§ **TASK PROMPT**:
Copy the lines below exactly. No picture goes into the copy.

── DATA EXTRACTS ──

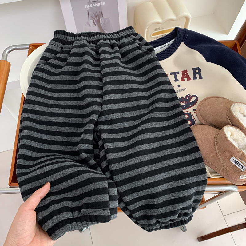 加绒街舞穿搭褶皱宽松休闲长裤 女秋冬季 子 灰色运动卫裤 自然涩美式
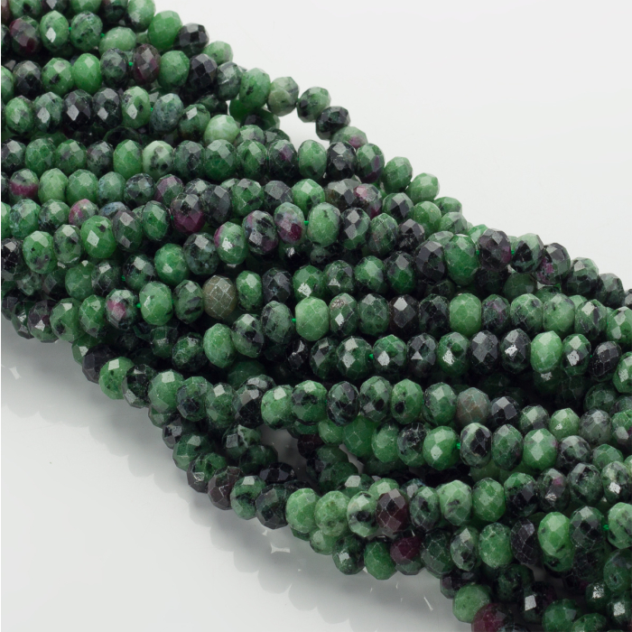 Zoisyt z rubinem oponka fasetowana zielona 6x8mm
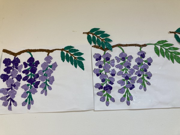 ★☆初夏の花「藤の花」貼り絵飾り付けレクリエーション2024年✨
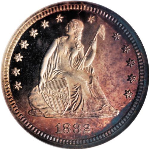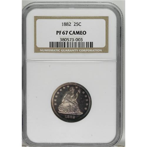 <B>1882 25C PR67 Cameo NGC.</B></I> Rich lilac and wheat-gold grace the fields of this splendid Superb Gem. Cobalt-blue blushes intermittently adorn the margins. There is not a single ill-defined feature, nor can we find a hairline, contact mark, or any other blemish of note. Population: 2 in 67 Cameo, 0 finer (4/07).<BR><BR><b>Shipping:</b> Coins & Currency (<a target="_blank" href="http://www.heritageauctions.com/common/shipping.php">view shipping information</a>)
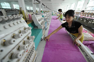 10月20日,江西恩達(dá)家紡有限公司的工人在夏布繡花生產(chǎn)線上工作。近年來,這家公司得到新余農(nóng)村合作銀行的貸款扶植,由一家小企業(yè)發(fā)展成為全國麻類產(chǎn)品出口50強(qiáng)企業(yè)。江西新余農(nóng)村合作銀行成立以來,將吸收的存款全部用于支持地方經(jīng)濟(jì)發(fā)展。兩年來,該行累計(jì)發(fā)放貸款53億元,占全市農(nóng)戶小額信用貸款和下崗再就業(yè)小額貸款100%、農(nóng)業(yè)貸款90%以上、中小企業(yè)貸款80%以上。 |
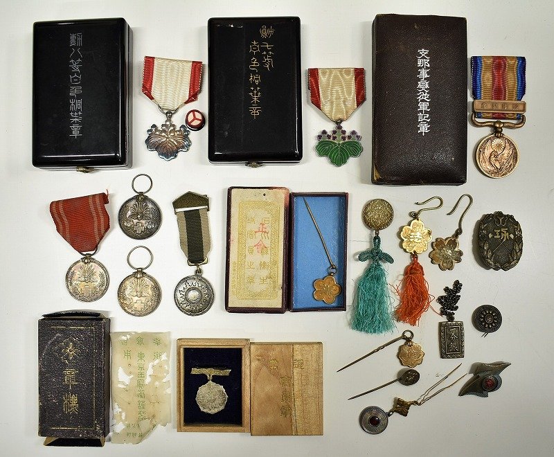 古道具買取福井家越前市◆当時物 旧日本軍 勲章 徽章 支那事変従軍記章 勲八等白色桐葉章 大日本武徳会 他◆をお買取り。
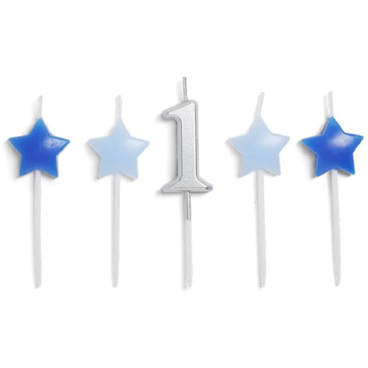 Ajoutez une touche élégante et ludique à votre évènement avec la bougie argentée en forme de chiffre « 1 » accompagnée de 4 bougies piques en forme d’étoile dont 2 blanches et 2 bleues.
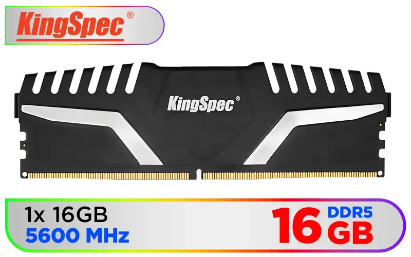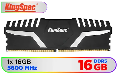 KingSpec KS5600D5M13516G 16GB (16x1) 5600mhz DDR5 Desktop Memory - Black / 3D Hollow & Breathable Heatsink Design / Single Rank 288-Pin UDIMM DDR5 / KS5600D5M12516G
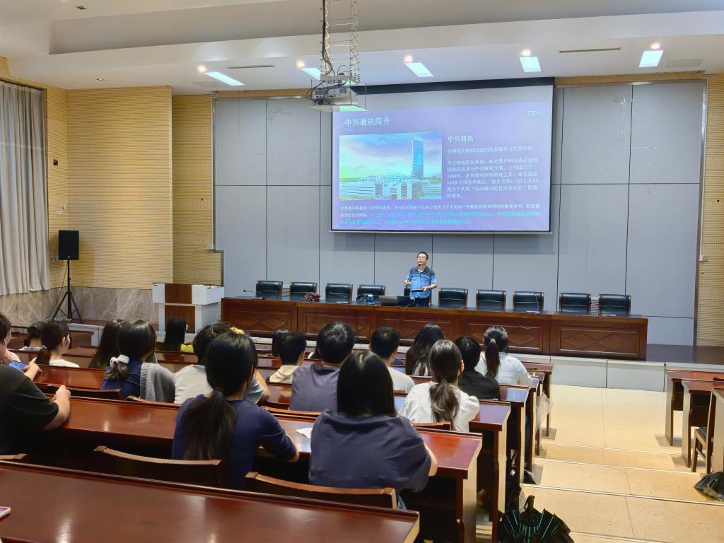 宣讲环节,吴晓庆首先聚焦中兴南京制造基地的核心竞争力展开介绍:作为5G设备核心生产阵地,该基地在智能制造领域兼具应用深度与广度,不仅拥有成熟完善的生产体系,更具备坚实的技术支撑能力,能为员工提供专业且广阔的职业发展平台。随后,他针对基地核心岗位需求重点推介EDA工程师岗位,并结合各岗位的具体能力要求,细致拆解职业发展路径,让同学们清晰掌握岗位适配方向与长期成长空间。此外,他还通过场景化描述,详细讲解基地的工作场景布局、生活配套设施,帮助同学们直观感知职场环境,有效缓解对未来工作的陌生感与不安感。
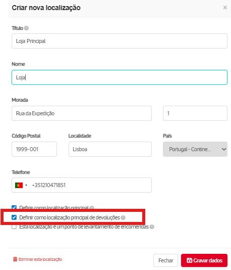 É a morada onde pretende receber a encomenda devolvida. Pode escolher uma localização de entre as criadas no menu Configurações / Envio / Localizações. É necessário ter pelo menos uma localização configurada para ser possível avançar com o processo de devolução. Nas localizações criadas, pode optar por definir uma localização principal de devoluções que fica selecionada por defeito quando cria a devolução.
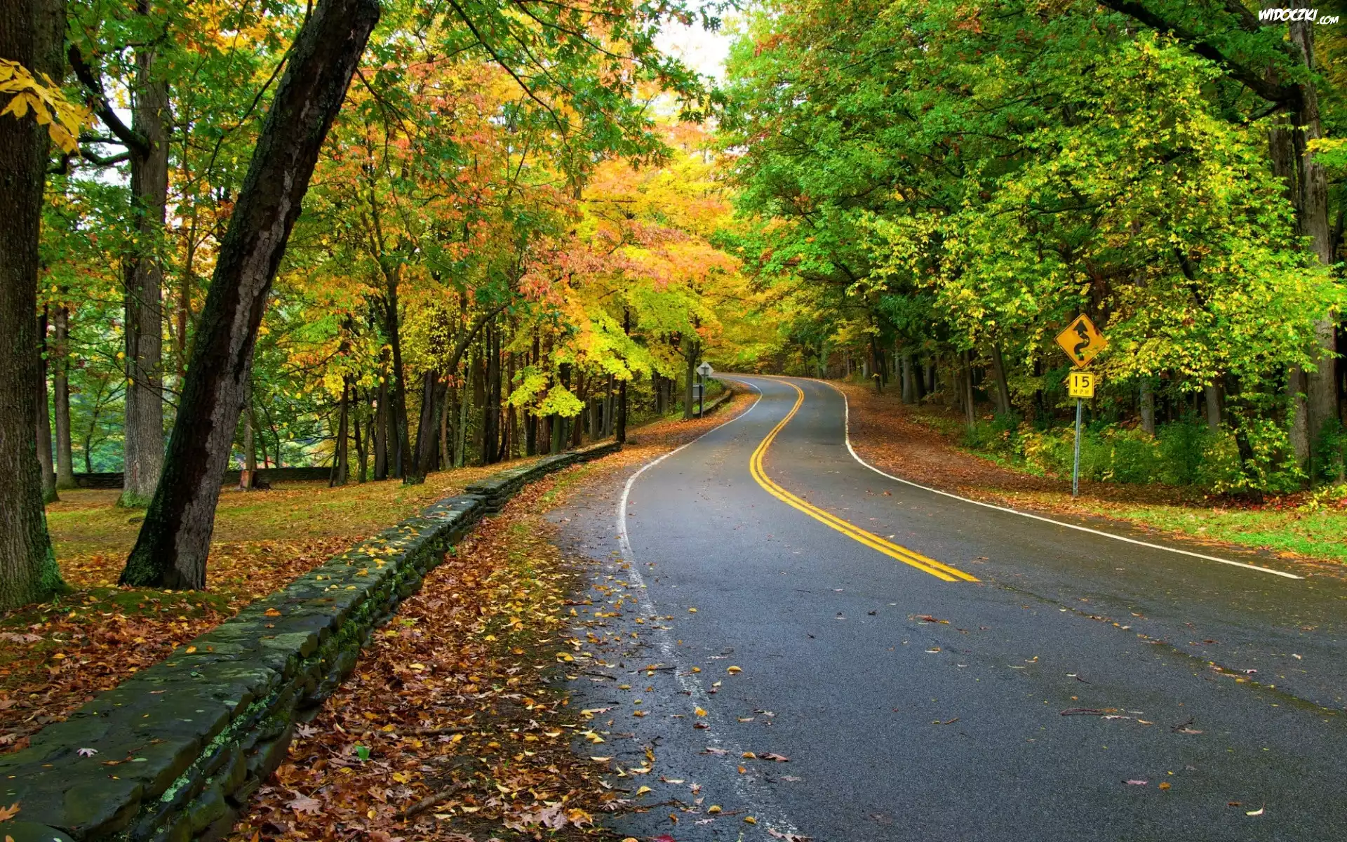 Zdjęcia, Droga, Las, Drzewa, Liście, Jesień
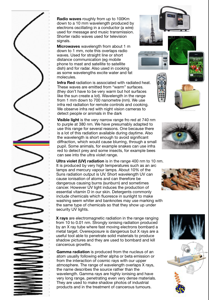 The descriptions work down from the longest waves to the shortest. There is a PDF copy of the main notes which is easy to download and print.
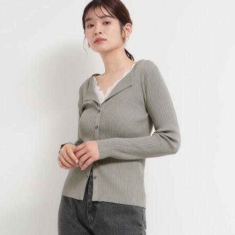 レースレイヤードリブニット
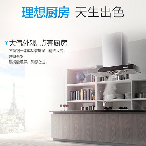 利用蜗壳螺旋仿生学原理,迅速甩出油烟,提升排烟效果。不锈钢一体成型装饰罩,美观时尚,融入厨房风格。
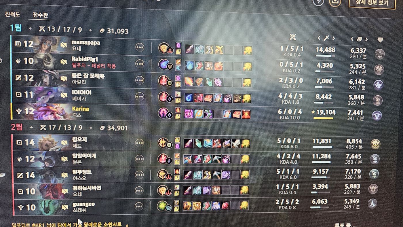 원딜 골드가 저만큼 차이나는데 한타에서 저렇게 깔끔하게 발리는건 또 첨봄
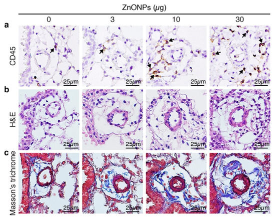 Repeated exposure of mice to ZnONPs enhances perivascular leukocyte infiltration, wall thickening and collagen deposition of the arterioles in the lungs. Mice were subjected to repeated exposure to different doses of ZnONPs twice a week for 4 weeks. Lung sections with arterioles were stained with (a) leukocyte marker CD45 (brown) for inflammatory cell infiltration (arrows), (b) H&E for morphology, and (c) Masson’s trichrome (blue) for collagen.
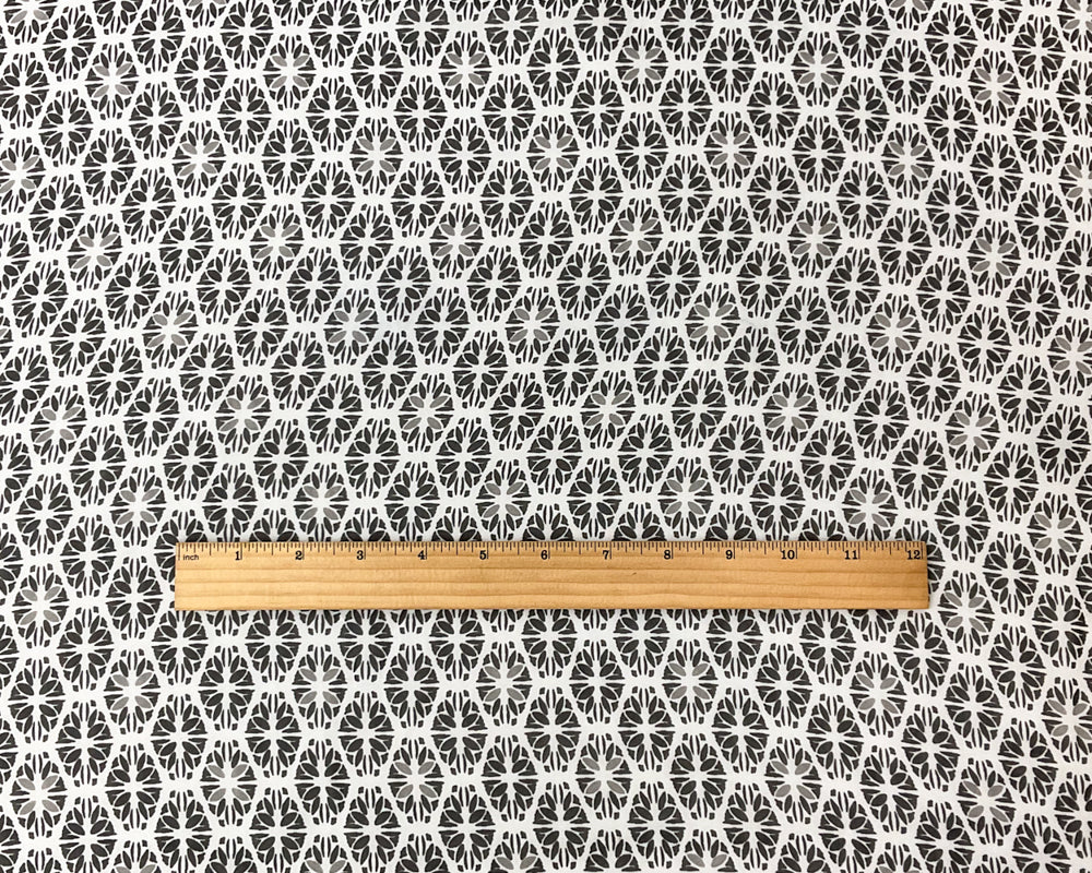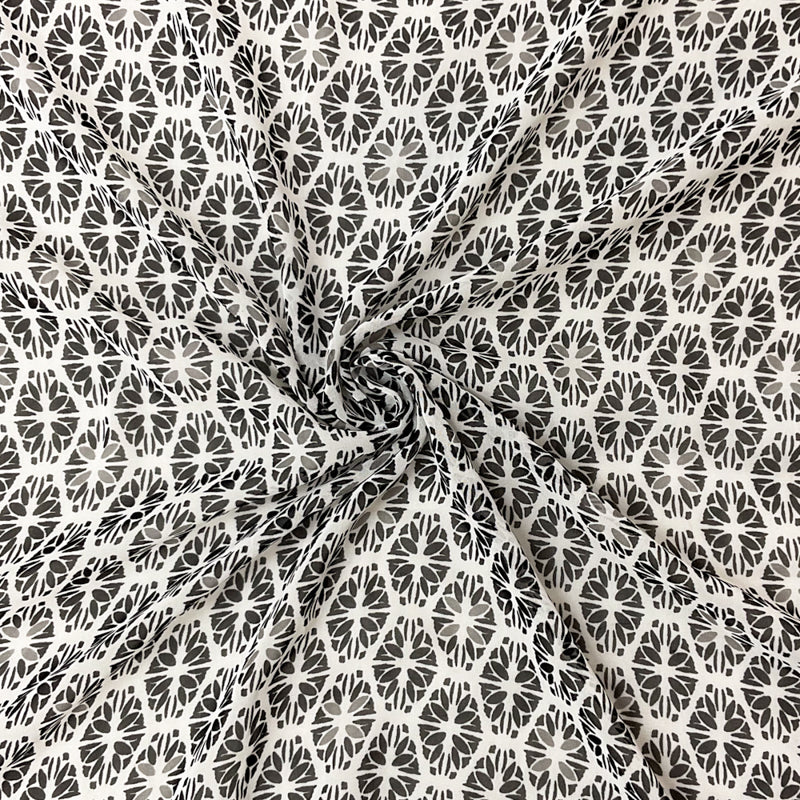 Black-White-Gray Poly Tile Floral Printed Chiffon Woven Fabric

───

§ **WRITTEN REPLY**:
 加绒街舞穿搭褶皱宽松休闲长裤 女秋冬季 子 灰色运动卫裤 自然涩美式
 Zoisyt z rubinem oponka fasetowana zielona 6x8mm
 ★☆初夏の花「藤の花」貼り絵飾り付けレクリエーション2024年✨
 <B>1882 25C PR67 Cameo NGC.</B></I> Rich lilac and wheat-gold grace the fields of this splendid Superb Gem. Cobalt-blue blushes intermittently adorn the margins. There is not a single ill-defined feature, nor can we find a hairline, contact mark, or any other blemish of note. Population: 2 in 67 Cameo, 0 finer (4/07).<BR><BR><b>Shipping:</b> Coins & Currency (<a target="_blank" href="http://www.heritageauctions.com/common/shipping.php">view shipping information</a>)
 10月20日,江西恩達(dá)家紡有限公司的工人在夏布繡花生產(chǎn)線上工作。近年來,這家公司得到新余農(nóng)村合作銀行的貸款扶植,由一家小企業(yè)發(fā)展成為全國麻類產(chǎn)品出口50強(qiáng)企業(yè)。江西新余農(nóng)村合作銀行成立以來,將吸收的存款全部用于支持地方經(jīng)濟(jì)發(fā)展。兩年來,該行累計(jì)發(fā)放貸款53億元,占全市農(nóng)戶小額信用貸款和下崗再就業(yè)小額貸款100%、農(nóng)業(yè)貸款90%以上、中小企業(yè)貸款80%以上。 |
 古道具買取福井家越前市◆当時物 旧日本軍 勲章 徽章 支那事変従軍記章 勲八等白色桐葉章 大日本武徳会 他◆をお買取り。
 Ajoutez une touche élégante et ludique à votre évènement avec la bougie argentée en forme de chiffre « 1 » accompagnée de 4 bougies piques en forme d’étoile dont 2 blanches et 2 bleues.
 KingSpec KS5600D5M13516G 16GB (16x1) 5600mhz DDR5 Desktop Memory - Black / 3D Hollow & Breathable Heatsink Design / Single Rank 288-Pin UDIMM DDR5 / KS5600D5M12516G
 宣讲环节,吴晓庆首先聚焦中兴南京制造基地的核心竞争力展开介绍:作为5G设备核心生产阵地,该基地在智能制造领域兼具应用深度与广度,不仅拥有成熟完善的生产体系,更具备坚实的技术支撑能力,能为员工提供专业且广阔的职业发展平台。随后,他针对基地核心岗位需求重点推介EDA工程师岗位,并结合各岗位的具体能力要求,细致拆解职业发展路径,让同学们清晰掌握岗位适配方向与长期成长空间。此外,他还通过场景化描述,详细讲解基地的工作场景布局、生活配套设施,帮助同学们直观感知职场环境,有效缓解对未来工作的陌生感与不安感。
 É a morada onde pretende receber a encomenda devolvida. Pode escolher uma localização de entre as criadas no menu Configurações / Envio / Localizações. É necessário ter pelo menos uma localização configurada para ser possível avançar com o processo de devolução. Nas localizações criadas, pode optar por definir uma localização principal de devoluções que fica selecionada por defeito quando cria a devolução.
 Zdjęcia, Droga, Las, Drzewa, Liście, Jesień
 The descriptions work down from the longest waves to the shortest. There is a PDF copy of the main notes which is easy to download and print.
 レースレイヤードリブニット
 利用蜗壳螺旋仿生学原理,迅速甩出油烟,提升排烟效果。不锈钢一体成型装饰罩,美观时尚,融入厨房风格。
 원딜 골드가 저만큼 차이나는데 한타에서 저렇게 깔끔하게 발리는건 또 첨봄
 Repeated exposure of mice to ZnONPs enhances perivascular leukocyte infiltration, wall thickening and collagen deposition of the arterioles in the lungs. Mice were subjected to repeated exposure to different doses of ZnONPs twice a week for 4 weeks. Lung sections with arterioles were stained with (a) leukocyte marker CD45 (brown) for inflammatory cell infiltration (arrows), (b) H&E for morphology, and (c) Masson’s trichrome (blue) for collagen.
 Black-White-Gray Poly Tile Floral Printed Chiffon Woven Fabric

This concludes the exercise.